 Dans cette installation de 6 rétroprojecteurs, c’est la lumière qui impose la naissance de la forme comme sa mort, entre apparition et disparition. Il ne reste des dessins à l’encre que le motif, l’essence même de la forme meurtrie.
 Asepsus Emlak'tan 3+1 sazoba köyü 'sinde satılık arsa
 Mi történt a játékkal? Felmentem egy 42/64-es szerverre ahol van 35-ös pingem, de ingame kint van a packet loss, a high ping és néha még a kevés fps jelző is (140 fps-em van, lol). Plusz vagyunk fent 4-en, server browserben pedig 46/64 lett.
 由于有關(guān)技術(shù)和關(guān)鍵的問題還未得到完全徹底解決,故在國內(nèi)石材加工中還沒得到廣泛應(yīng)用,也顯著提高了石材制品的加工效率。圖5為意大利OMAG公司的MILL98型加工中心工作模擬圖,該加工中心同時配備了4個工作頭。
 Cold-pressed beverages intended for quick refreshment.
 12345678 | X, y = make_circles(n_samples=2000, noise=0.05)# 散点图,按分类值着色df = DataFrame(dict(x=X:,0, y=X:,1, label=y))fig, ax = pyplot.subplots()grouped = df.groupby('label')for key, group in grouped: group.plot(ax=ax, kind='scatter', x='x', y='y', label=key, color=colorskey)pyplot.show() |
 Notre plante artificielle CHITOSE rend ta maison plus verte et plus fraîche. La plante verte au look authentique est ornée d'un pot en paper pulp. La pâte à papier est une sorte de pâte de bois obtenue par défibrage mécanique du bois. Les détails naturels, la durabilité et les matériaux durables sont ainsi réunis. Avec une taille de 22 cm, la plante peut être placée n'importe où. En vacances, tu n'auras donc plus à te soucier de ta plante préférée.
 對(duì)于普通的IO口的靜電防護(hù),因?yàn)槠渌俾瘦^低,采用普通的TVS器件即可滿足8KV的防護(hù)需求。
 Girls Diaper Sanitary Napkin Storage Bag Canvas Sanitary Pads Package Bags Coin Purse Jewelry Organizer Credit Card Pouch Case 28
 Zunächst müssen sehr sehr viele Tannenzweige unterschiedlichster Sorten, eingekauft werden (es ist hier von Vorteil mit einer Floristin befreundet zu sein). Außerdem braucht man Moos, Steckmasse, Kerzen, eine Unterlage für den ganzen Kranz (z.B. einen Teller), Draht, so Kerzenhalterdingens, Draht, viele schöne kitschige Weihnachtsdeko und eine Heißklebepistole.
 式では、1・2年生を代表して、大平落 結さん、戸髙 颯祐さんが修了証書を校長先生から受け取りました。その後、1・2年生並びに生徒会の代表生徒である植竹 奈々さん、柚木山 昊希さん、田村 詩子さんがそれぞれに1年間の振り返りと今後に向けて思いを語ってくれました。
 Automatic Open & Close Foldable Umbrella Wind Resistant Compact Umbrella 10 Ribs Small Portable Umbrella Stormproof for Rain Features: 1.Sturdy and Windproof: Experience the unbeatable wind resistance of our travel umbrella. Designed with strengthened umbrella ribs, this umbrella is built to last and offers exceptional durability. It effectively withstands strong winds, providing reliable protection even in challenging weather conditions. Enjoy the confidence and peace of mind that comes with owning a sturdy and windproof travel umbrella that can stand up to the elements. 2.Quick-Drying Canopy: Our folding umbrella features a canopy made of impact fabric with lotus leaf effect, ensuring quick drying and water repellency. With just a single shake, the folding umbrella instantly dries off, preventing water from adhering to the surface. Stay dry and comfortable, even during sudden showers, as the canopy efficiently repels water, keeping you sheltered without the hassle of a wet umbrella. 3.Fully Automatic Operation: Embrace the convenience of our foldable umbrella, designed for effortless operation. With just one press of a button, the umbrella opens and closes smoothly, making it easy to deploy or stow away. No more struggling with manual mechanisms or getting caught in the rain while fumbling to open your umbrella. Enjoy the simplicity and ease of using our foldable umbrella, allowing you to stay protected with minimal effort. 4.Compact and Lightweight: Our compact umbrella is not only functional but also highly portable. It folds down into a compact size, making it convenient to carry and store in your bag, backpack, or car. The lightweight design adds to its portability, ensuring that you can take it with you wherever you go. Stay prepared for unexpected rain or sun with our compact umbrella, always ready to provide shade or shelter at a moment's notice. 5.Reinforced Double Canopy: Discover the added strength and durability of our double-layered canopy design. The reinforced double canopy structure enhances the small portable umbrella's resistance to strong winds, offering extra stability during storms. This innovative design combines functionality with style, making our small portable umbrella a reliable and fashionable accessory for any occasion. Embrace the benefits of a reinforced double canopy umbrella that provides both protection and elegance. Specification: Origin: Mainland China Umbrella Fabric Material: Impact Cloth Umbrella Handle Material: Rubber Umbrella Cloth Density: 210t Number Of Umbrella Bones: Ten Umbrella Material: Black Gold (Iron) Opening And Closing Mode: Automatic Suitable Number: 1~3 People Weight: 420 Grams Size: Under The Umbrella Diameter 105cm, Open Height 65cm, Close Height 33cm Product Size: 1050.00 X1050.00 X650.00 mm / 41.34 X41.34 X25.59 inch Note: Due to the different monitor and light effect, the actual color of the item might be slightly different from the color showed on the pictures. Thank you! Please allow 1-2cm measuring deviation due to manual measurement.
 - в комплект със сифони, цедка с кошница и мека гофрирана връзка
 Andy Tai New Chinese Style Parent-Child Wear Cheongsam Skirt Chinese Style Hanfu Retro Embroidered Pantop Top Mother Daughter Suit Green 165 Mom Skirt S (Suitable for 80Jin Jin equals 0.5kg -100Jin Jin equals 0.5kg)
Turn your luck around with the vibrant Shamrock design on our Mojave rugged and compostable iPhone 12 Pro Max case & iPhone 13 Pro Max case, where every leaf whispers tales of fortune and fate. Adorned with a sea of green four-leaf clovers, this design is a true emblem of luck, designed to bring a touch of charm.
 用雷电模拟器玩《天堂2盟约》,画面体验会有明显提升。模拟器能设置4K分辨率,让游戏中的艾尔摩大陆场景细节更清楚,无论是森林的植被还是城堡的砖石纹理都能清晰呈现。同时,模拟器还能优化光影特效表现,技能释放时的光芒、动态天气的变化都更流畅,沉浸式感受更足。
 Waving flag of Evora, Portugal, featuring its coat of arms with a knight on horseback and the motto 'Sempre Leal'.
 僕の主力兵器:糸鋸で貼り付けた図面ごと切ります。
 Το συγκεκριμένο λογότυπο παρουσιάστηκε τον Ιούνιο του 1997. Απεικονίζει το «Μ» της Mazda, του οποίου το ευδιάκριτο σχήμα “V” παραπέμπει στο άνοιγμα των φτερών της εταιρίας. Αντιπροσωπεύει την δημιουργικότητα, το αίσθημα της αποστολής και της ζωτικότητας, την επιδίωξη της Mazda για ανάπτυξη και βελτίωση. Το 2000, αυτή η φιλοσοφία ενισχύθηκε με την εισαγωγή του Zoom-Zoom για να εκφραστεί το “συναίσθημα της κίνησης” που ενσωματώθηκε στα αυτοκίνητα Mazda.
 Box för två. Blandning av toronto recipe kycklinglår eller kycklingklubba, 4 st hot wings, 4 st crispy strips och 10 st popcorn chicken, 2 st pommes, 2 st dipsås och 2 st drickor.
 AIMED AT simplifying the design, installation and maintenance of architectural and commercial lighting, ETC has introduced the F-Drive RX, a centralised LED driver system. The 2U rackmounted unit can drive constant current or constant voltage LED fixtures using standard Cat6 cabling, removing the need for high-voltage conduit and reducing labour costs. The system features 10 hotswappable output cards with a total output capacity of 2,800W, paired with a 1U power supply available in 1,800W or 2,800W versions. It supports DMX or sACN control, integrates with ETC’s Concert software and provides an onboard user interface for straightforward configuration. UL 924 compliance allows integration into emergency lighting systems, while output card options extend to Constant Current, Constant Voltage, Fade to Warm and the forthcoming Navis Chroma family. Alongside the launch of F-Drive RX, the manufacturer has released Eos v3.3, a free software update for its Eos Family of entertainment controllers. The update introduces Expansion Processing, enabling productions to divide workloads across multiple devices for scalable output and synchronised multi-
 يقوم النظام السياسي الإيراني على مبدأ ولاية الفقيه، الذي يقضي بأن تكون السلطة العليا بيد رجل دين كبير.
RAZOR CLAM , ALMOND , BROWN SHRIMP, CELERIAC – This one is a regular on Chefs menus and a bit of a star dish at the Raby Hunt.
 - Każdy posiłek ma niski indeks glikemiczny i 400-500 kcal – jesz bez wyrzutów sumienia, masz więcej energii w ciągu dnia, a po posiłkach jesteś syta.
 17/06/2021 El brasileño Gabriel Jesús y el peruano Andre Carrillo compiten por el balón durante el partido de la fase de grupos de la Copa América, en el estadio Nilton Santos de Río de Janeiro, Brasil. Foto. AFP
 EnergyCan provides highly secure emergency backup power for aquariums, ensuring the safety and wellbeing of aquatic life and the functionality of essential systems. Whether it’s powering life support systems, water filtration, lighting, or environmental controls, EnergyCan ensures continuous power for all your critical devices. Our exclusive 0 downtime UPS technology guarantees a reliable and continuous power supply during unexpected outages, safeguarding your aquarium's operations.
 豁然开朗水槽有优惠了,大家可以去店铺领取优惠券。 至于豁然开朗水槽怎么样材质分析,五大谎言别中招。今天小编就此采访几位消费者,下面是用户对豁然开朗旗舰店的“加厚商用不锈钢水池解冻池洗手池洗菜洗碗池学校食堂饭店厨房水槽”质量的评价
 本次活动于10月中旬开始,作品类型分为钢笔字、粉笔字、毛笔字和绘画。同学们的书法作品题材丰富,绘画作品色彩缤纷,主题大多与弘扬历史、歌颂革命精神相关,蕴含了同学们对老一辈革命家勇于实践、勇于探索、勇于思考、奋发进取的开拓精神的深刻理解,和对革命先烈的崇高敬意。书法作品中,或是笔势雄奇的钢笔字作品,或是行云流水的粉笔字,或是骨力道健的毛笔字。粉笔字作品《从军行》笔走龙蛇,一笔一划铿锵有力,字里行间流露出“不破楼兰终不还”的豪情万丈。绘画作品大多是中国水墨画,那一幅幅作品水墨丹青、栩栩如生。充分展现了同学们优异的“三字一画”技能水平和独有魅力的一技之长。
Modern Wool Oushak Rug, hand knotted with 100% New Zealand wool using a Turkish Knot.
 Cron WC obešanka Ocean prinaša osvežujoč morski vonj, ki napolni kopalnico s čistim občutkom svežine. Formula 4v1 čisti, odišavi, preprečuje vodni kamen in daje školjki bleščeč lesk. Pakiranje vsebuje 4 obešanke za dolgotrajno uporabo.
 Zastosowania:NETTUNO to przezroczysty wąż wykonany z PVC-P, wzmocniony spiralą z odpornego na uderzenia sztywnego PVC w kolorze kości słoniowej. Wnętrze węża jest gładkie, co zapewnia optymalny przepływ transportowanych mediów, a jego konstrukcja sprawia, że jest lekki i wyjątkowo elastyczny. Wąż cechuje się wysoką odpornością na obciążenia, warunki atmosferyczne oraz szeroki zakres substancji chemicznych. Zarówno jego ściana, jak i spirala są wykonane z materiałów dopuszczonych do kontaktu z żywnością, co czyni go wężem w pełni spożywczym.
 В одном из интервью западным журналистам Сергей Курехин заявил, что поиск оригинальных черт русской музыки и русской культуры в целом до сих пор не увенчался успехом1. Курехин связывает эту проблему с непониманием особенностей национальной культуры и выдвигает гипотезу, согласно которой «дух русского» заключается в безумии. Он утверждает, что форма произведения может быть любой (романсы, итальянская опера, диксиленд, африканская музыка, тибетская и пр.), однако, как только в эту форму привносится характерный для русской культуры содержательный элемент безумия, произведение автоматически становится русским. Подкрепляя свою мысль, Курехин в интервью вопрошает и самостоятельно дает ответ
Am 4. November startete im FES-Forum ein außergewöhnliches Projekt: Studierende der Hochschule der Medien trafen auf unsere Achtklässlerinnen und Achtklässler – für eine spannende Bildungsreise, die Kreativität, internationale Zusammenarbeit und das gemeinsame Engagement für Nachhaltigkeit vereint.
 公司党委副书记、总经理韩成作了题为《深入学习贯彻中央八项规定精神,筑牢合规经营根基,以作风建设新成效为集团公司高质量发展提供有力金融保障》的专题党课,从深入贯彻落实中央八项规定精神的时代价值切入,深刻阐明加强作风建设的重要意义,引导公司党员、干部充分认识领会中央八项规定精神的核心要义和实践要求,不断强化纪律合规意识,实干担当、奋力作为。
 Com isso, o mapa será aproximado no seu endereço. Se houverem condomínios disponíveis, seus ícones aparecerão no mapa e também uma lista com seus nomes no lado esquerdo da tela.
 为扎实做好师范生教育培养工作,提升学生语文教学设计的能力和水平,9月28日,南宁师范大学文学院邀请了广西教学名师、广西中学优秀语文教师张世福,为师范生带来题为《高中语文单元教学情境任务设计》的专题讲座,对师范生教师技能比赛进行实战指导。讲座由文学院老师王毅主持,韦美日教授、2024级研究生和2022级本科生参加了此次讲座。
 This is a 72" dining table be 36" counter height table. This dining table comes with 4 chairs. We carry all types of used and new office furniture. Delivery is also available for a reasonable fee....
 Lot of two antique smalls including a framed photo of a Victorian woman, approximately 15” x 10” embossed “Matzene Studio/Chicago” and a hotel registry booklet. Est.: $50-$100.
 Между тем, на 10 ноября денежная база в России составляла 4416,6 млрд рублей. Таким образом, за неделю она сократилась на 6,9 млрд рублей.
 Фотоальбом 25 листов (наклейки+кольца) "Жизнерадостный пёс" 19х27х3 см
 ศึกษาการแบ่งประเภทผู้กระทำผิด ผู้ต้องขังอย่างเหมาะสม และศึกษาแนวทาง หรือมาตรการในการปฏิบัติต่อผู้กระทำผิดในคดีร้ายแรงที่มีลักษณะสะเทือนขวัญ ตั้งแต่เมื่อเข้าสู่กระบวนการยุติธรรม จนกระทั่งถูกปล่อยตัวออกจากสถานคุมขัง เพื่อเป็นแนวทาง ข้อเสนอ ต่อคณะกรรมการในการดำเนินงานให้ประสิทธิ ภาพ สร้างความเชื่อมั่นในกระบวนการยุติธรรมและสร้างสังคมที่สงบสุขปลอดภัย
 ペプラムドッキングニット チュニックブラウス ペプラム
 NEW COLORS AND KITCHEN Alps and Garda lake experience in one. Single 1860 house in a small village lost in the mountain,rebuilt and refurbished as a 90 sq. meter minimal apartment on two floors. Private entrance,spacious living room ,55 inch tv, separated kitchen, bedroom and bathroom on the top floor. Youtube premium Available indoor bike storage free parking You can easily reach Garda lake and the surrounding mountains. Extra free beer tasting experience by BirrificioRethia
····················
> [WHAT YOU WILL DO]:
Exactly repeat the lines running from the top of the listing to the line bearing "奈々さん、柚木山 昊希さん、田村 詩子さんがそれぞれに1年間の振り返りと今後に向けて思いを語ってくれました。", both of those lines included, and only them.

> [WRITTEN ANSWER]:
 Dans cette installation de 6 rétroprojecteurs, c’est la lumière qui impose la naissance de la forme comme sa mort, entre apparition et disparition. Il ne reste des dessins à l’encre que le motif, l’essence même de la forme meurtrie.
 Asepsus Emlak'tan 3+1 sazoba köyü 'sinde satılık arsa
 Mi történt a játékkal? Felmentem egy 42/64-es szerverre ahol van 35-ös pingem, de ingame kint van a packet loss, a high ping és néha még a kevés fps jelző is (140 fps-em van, lol). Plusz vagyunk fent 4-en, server browserben pedig 46/64 lett.
 由于有關(guān)技術(shù)和關(guān)鍵的問題還未得到完全徹底解決,故在國內(nèi)石材加工中還沒得到廣泛應(yīng)用,也顯著提高了石材制品的加工效率。圖5為意大利OMAG公司的MILL98型加工中心工作模擬圖,該加工中心同時配備了4個工作頭。
 Cold-pressed beverages intended for quick refreshment.
 12345678 | X, y = make_circles(n_samples=2000, noise=0.05)# 散点图,按分类值着色df = DataFrame(dict(x=X:,0, y=X:,1, label=y))fig, ax = pyplot.subplots()grouped = df.groupby('label')for key, group in grouped: group.plot(ax=ax, kind='scatter', x='x', y='y', label=key, color=colorskey)pyplot.show() |
 Notre plante artificielle CHITOSE rend ta maison plus verte et plus fraîche. La plante verte au look authentique est ornée d'un pot en paper pulp. La pâte à papier est une sorte de pâte de bois obtenue par défibrage mécanique du bois. Les détails naturels, la durabilité et les matériaux durables sont ainsi réunis. Avec une taille de 22 cm, la plante peut être placée n'importe où. En vacances, tu n'auras donc plus à te soucier de ta plante préférée.
 對(duì)于普通的IO口的靜電防護(hù),因?yàn)槠渌俾瘦^低,采用普通的TVS器件即可滿足8KV的防護(hù)需求。
 Girls Diaper Sanitary Napkin Storage Bag Canvas Sanitary Pads Package Bags Coin Purse Jewelry Organizer Credit Card Pouch Case 28
 Zunächst müssen sehr sehr viele Tannenzweige unterschiedlichster Sorten, eingekauft werden (es ist hier von Vorteil mit einer Floristin befreundet zu sein). Außerdem braucht man Moos, Steckmasse, Kerzen, eine Unterlage für den ganzen Kranz (z.B. einen Teller), Draht, so Kerzenhalterdingens, Draht, viele schöne kitschige Weihnachtsdeko und eine Heißklebepistole.
 式では、1・2年生を代表して、大平落 結さん、戸髙 颯祐さんが修了証書を校長先生から受け取りました。その後、1・2年生並びに生徒会の代表生徒である植竹 奈々さん、柚木山 昊希さん、田村 詩子さんがそれぞれに1年間の振り返りと今後に向けて思いを語ってくれました。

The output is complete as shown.